When politicians promise race wars in Africa, they should not be patted on the head by paternalists in Georgetown and Brussels. The net result is a massive new exodus as South Africans with talent and means flee to Australia, Canada, New Zealand, and the United Kingdom.

6. Switching Off the Lights

South Africa has gone from a surplus of cheap electricity to rolling blackouts and astronomical price increases. After long periods of sporadic blackouts in 2008 and 2015, the country is again facing an indefinite period in the dark.

Years of mismanagement, incompetence, and astonishing venality are to blame. It has piled up R419 billion in debt ($30 billion) with no possible way to service it. There is hardly an area of Eskom’s business that is not tainted by bribery and corruption, often in collusion with senior politicians.

7. Retirement Delayed

The Public Investment Corporation (PIC) amounts to South Africa’s sovereign wealth fund, investing the retirement savings of government employees. It is now emerging that PIC is an amateur and potentially rogue investor that has dangerously concentrated its risk, overpaid for assets, and made improper investments. It has the potential to collapse the country on its own.

8. Virtue-Signaling and Vanity Projects

South Africa’s foreign policy tests the limits of satire, but there is no doubting the country’s insufferable superiority complex on the world stage.

President Nelson Mandela cancelled South Africa’s dual recognition of Taiwan and China in 1998, unable to resist Chinese mainland thuggery despite fresh memories of the Tiananmen Square Massacre. So much for Mandela’s great moral courage, and little wonder that South Africa has abandoned its pretense at occupying the moral high ground. Its voting record at the UN is every dictator’s dream.

9. Education Quackery

South African school children are routinely abused as laboratory rats for the world’s crackpot curriculum fads. Immediately after 1994, the overlords determined to throw out the basics in favor of outcomes-based education promoting nebulous ideas of peace, prosperity, non-sexism, non-racialism, and democracy.

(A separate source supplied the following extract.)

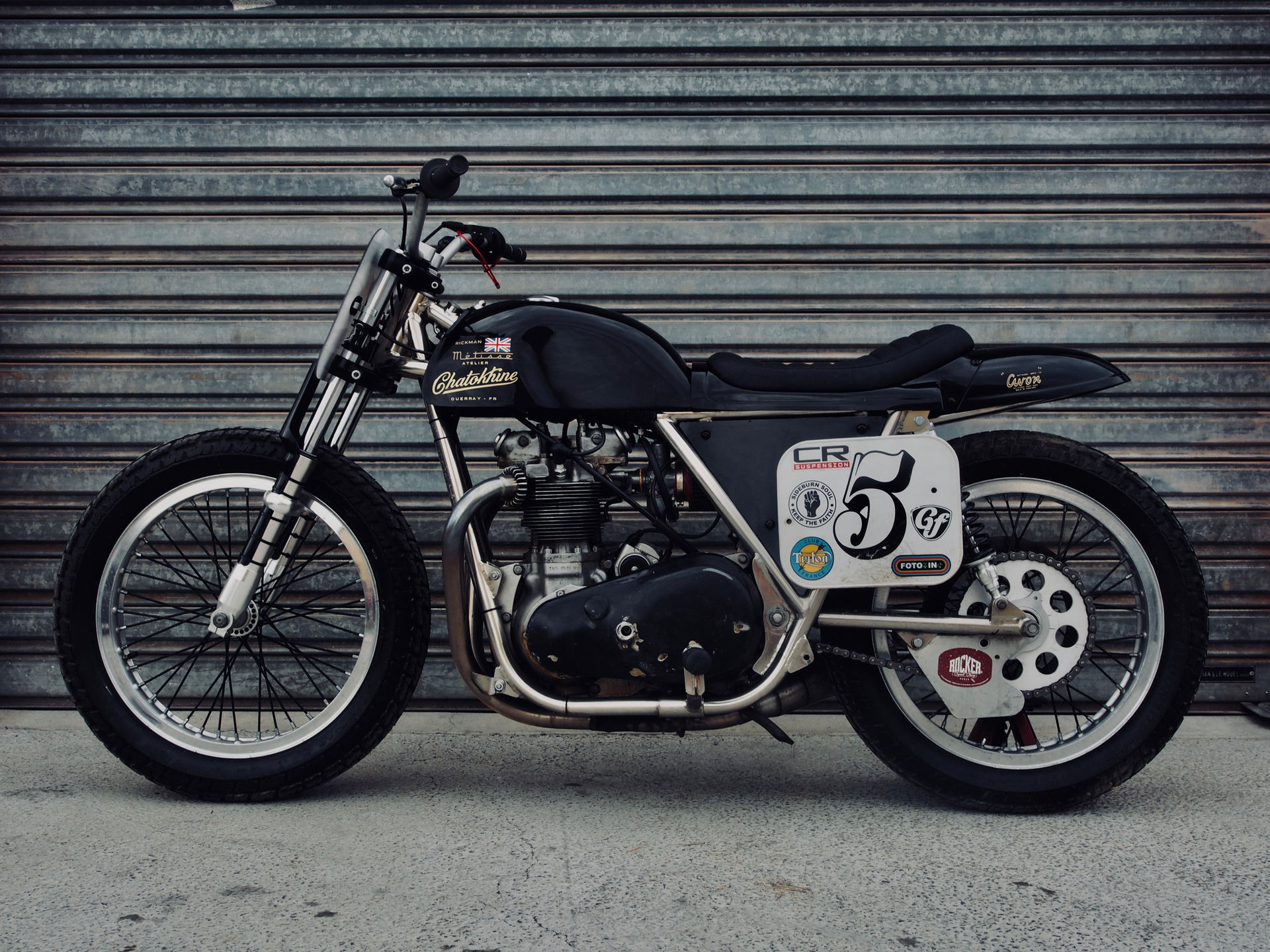 Cette Rickman est l'un des emblèmes de l'atelier. Elle est la moto de Frank Chatokhine depuis toujours et a été modifiée au grès des disciplines pratiquées. Cette moto est entièrement prévue pour la pratique du flat track et a été championne d'angleterre en 2014. Montée avec une fourche ceriani replica proposée par l'atelier.

Every peer ranking confirms the total failure of South Africa’s relentless education experimentation. Its kids rank at or near the bottom of comparative international tests, and academic standards have been lowered to improve appearances—school students need only score 20 percent in mathematics to secure a passing grade.

Universities have been beset by violent protests that have produced even lower standards, more student indebtedness, and less discipline. Students have demanded the “decolonization of education,” including the perfectly reasonable idea of replacing Western science with African witchcraft.

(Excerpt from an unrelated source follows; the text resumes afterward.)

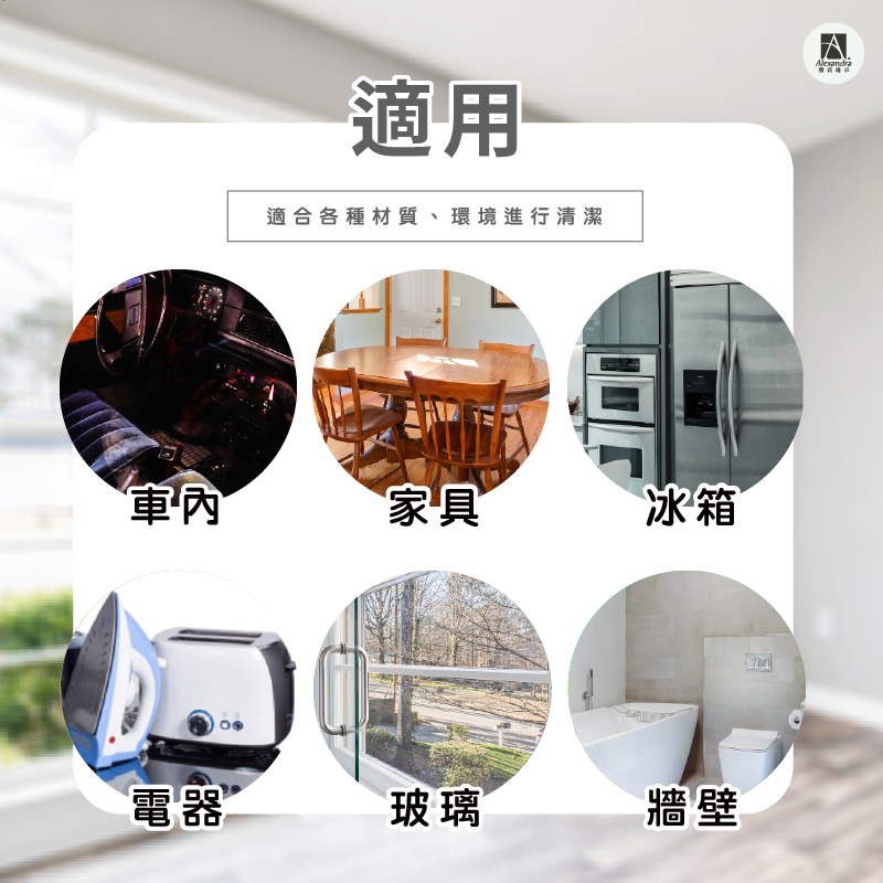 適用於各種居家清潔。 如:木質表面,塑膠表面,大理石表面,烤漆表面,桌椅,傢俱,冰箱,電器,玻璃,牆壁,餐桌表面,車內,皮質桌椅。、廚房、爐灶、抽油煙機、洗手台、陶磁、磁磚…有效洗淨各種髒汙、及難洗的油脂。

10. Affirmative-Action Absurdities

Racial quotas are a sacrament in the New South Africa—fine filaments of prejudice strangling every aspect of the society from sport to mining licenses to medical school access.

Modern race engineering offers Kafkaesque absurdities. The national rugby team is required to field a side that is “55% black” rather than 100 percent competitive. Since each team comprises 15 men, at least 8.25 of them must be black to satisfy the quota police. It is entirely unclear how the fractions will be settled—possibly by juggling injury substitutions or manipulating DNA tests.

The corrosiveness of quotas and the low expectations it engenders are everywhere apparent as South Africa slides closer to an abyss littered with the corpses of failed states that have gone before it.

Andries Lehong is a pseudonym. He lives and works in Colorado after emigrating from South Africa, where he was raised and educated.